• Stored items

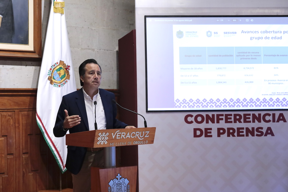 Xalapa, Ver., 15 de agosto de 2022.- El gobernador Cuitláhuac García Jiménez dio a conocer que 4 millones 777 mil 411 veracruzanas y veracruzanos tienen el esquema completo de vacunación contra COVID-19: un millón 217 mil 332 a través de Pfizer BioNTech, un millón 428 mil 444 con AstraZeneca, un millón 602 mil 825 con CanSino y 528 mil 810 a las que se aplicó Sinovac.
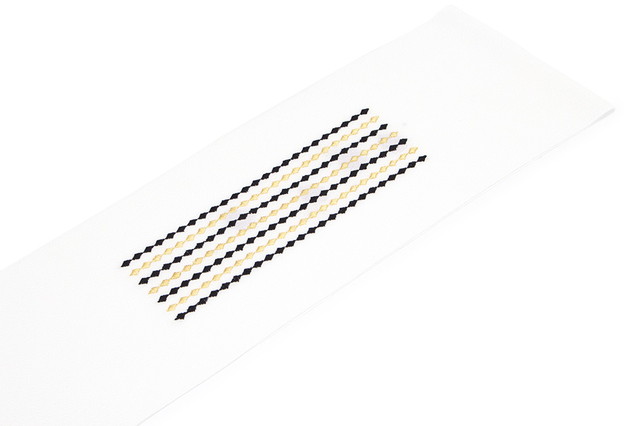 上品な縮緬の生地に、ラインストーンに薔薇と菱縞の刺繍が施された左右非対称の柄となります。
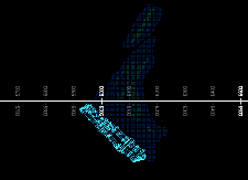 Grids are used to indicate the overall dimensions along any of the view axes (XYZ). One of the limitations of a standard flat grid is that it is often difficult to sense or interpret the extent of a 3D data object in a direction that is not orthogonal to the view. In the past, this conundrum has been resolved by allowing non-orthogonal grids to be viewed in the Design and Plots windows, and this type of measure is a very useful aid for denoting a measurement that is perpendicular to the viewing direction. For example;
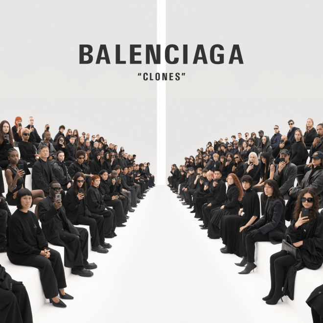 Qualche volta ritornano, anche i cloni. Così il direttore creativo di Balenciaga, Demna Gvasalia, ha presentato la collezione Spring 2022, replicando in digitale l’artista Eliza Douglas sovrimponendo il suo volto su 43 modelli cloni. Nel video sotto la direzione di Quentin Deronzier su un catwalk minimalista e essenziale, con la colonna sonora ricreata da una voce ai che recita con intonazione metallica il testo della canzone La vie en rose, tornano linee hackerate; una sfilata di cloni, per riaprire il dibattito sul tema dell’unicità e della contraffazione del mondo della moda.
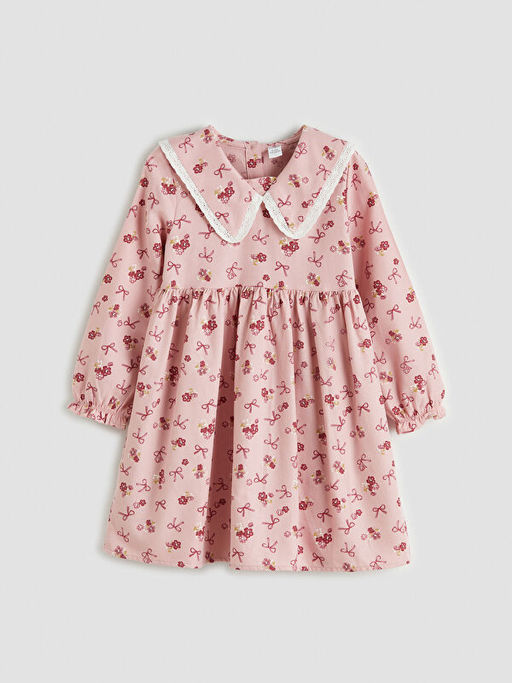Bebe Yaka Desenli K?z ?ocuk Gabardin Elbise
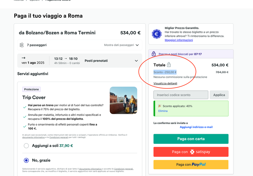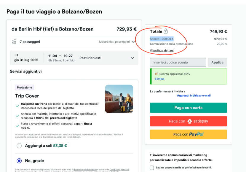 Besonders brisant: Der verwendete Rabattcode „ALTOADIGE40“ ist nicht an eine tatsächliche Übernachtung oder einen Aufenthalt in Südtirol gebunden – jeder kann ihn einlösen, solange die Buchung über einen Südtiroler Bahnhof läuft. So sei es möglich, dass etwa ein Tourist aus Berlin auf dem Weg nach Rom einfach „Bozen“ als Zwischenhalt angibt und den Rabatt in voller Höhe kassiert – ohne je in Südtirol auszusteigen. Ein echter Nutzen für die Region sei so nicht erkennbar, kritisiert die Süd-Tiroler Freiheit.
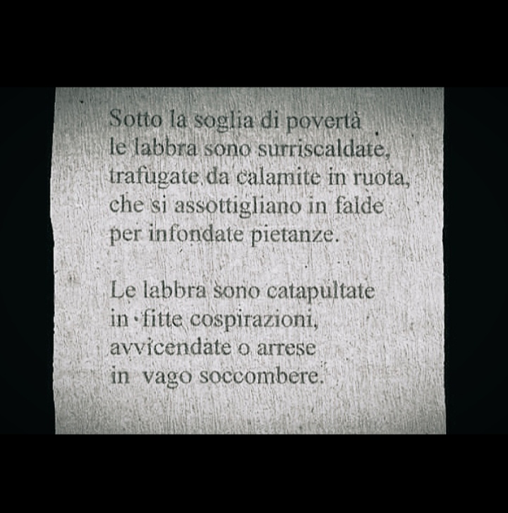 - Infilandosi nelle pagine, si ha a che fare con un ragionato frammentismo logico-emotivo, i frammenti a loro volta vengono utilizzati come cunei per ferire la voce, farla sanguinare, e costringerla a richiamare le sue verità custodite in chissà quali profondità interiori. Il soggetto poetico riavverte se stesso come potenzialmente oggettivo, universale: dentro gli cammina il mondo, non solo il sangue e gli umori del corpo.
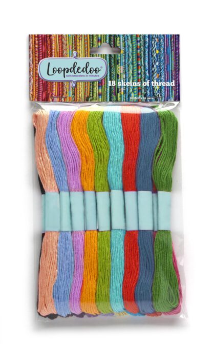 You can crank out bracelets so fast with the Loopdedoo that extra thread is a must-have! Each refill pack comes with 18 different colored skeins of embroidery thread which can make about 12-18 Loopdedoo bracelets depending upon the thickness of bracelet you create.
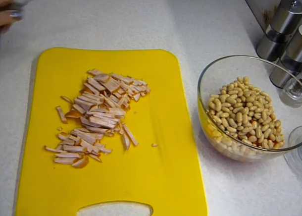 - We openen de pot bonen, gooien de granen weg in een vergiet. Nadat het sap is uitgelekt, giet je de bonen in de slakom na de kaas.
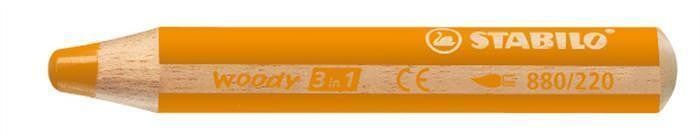 Barevná pastelka "Woody", oranžová, 3v1 – pastelka, vodovka, voskovka, STABILO
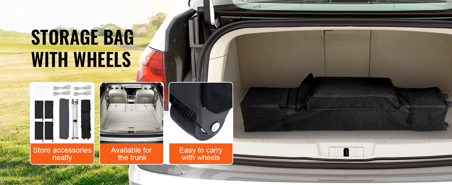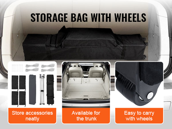 - Move on the Go: Portable Design — The pop-up canopy includes a wheeled storage bag and a specialized accessory bag holding 8 medium-sized ground nails and 4 ropes. When folded, it measures 47.2 x 8.3 x 8.3 inches (120 x 21 x 21 cm), enabling convenient transport and storage in most vehicle trunks.
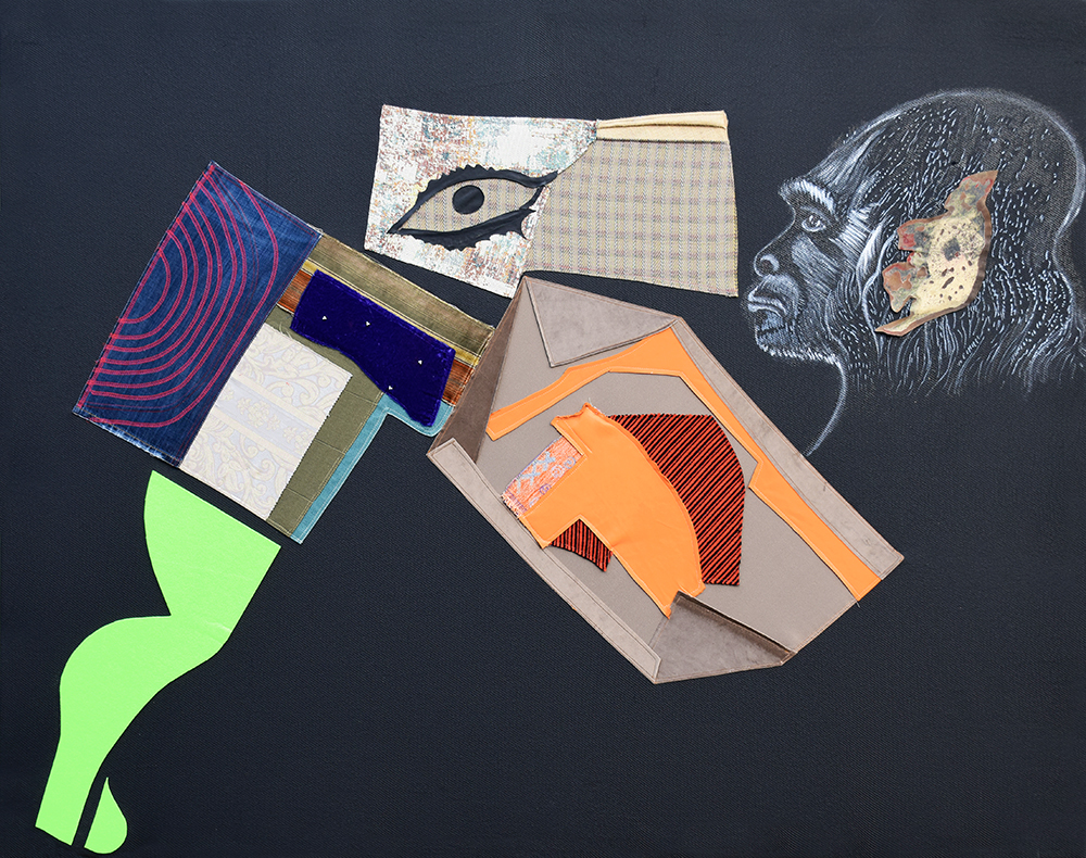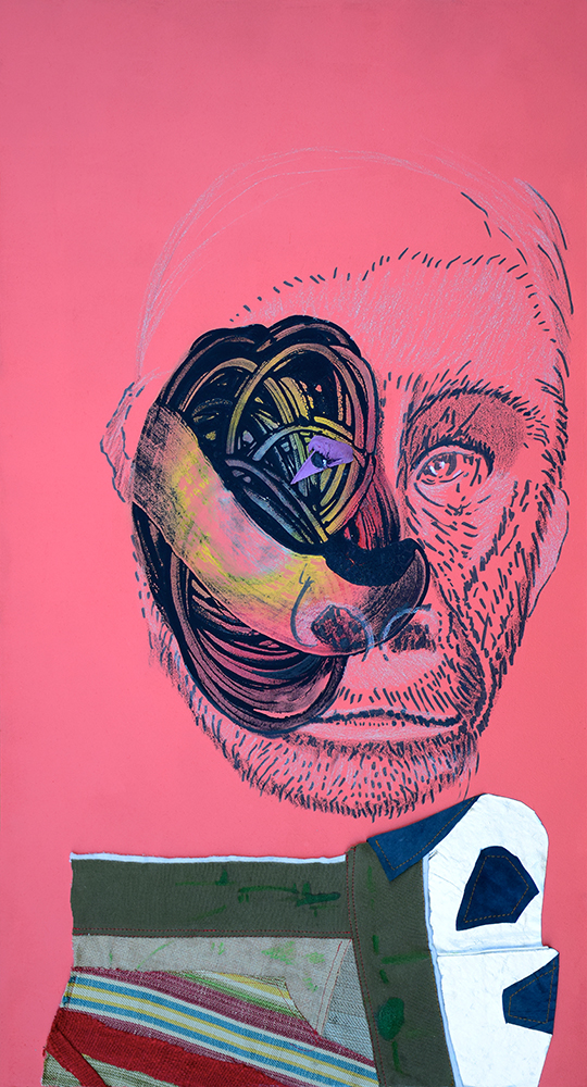 Tale pratica riflette profondamente la processualità e il linguaggio artistico di un autore perennemente in bilico tra personale e universale, persona e maschera, e nell’opera tra segno, colore ed elementi assemblati. Se la sua poetica si fonda sul linguaggio pittorico, la sua vivacità tecnica lo porta a sperimentare materiali plurali, anche di riuso. La scelta e l’impiego di stoffe riciclate immette nell’opera il valore aggiunto della presenza di reminiscenze recondite alle quali l’artista offre nuova vita attraverso un patchwork visionario obbediente a un caos misurato, trame che l’artista compone pazientemente con la macchina da cucire.

• Work request
Copy word for word the lines of the records above from the one with "- We openen" up to and including the one with "vodovka, voskovka, STABILO". Skip the pictures.

• Answer box
 - We openen de pot bonen, gooien de granen weg in een vergiet. Nadat het sap is uitgelekt, giet je de bonen in de slakom na de kaas.
 Barevná pastelka "Woody", oranžová, 3v1 – pastelka, vodovka, voskovka, STABILO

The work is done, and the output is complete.